- Required action -
The answer must be an exact copy of the lines from the top of the listing below through the line with "المنتج يتكون من", with no pictures.

- Given material -

/---

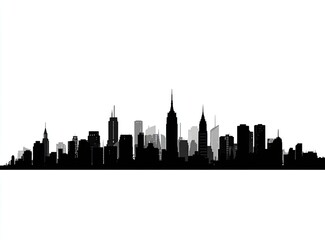 A black-and-white silhouette of New York City skyline with prominent buildings and the Statue of Liberty positioned on the far right side.
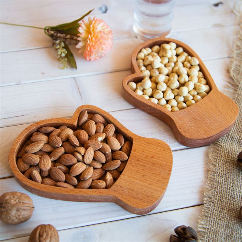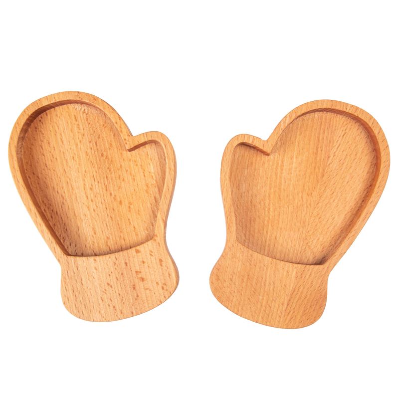 المنتج يتكون من اثنين من القفازات اليمنى وحامل ملفات تعريف الارتباط الخشبي المصمم على شكل قفاز أيسر.
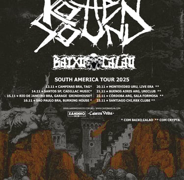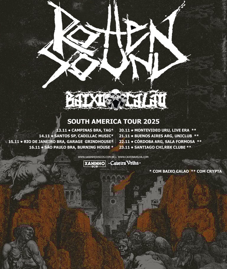 Os finlandeses do Rotten Sound, uma das forças do grindcore mundial desde 1993, desembarcam na América do Sul em novembro deste ano para oito apresentações, entre elas, quatro no Brasil com a participação da banda nacional de grindcore Baixo Calão. A realização da parte nacional da turnê é da Xaninho Discos em parceria com a Caveira Velha.

\---

- Exercise response -
 A black-and-white silhouette of New York City skyline with prominent buildings and the Statue of Liberty positioned on the far right side.
 المنتج يتكون من اثنين من القفازات اليمنى وحامل ملفات تعريف الارتباط الخشبي المصمم على شكل قفاز أيسر.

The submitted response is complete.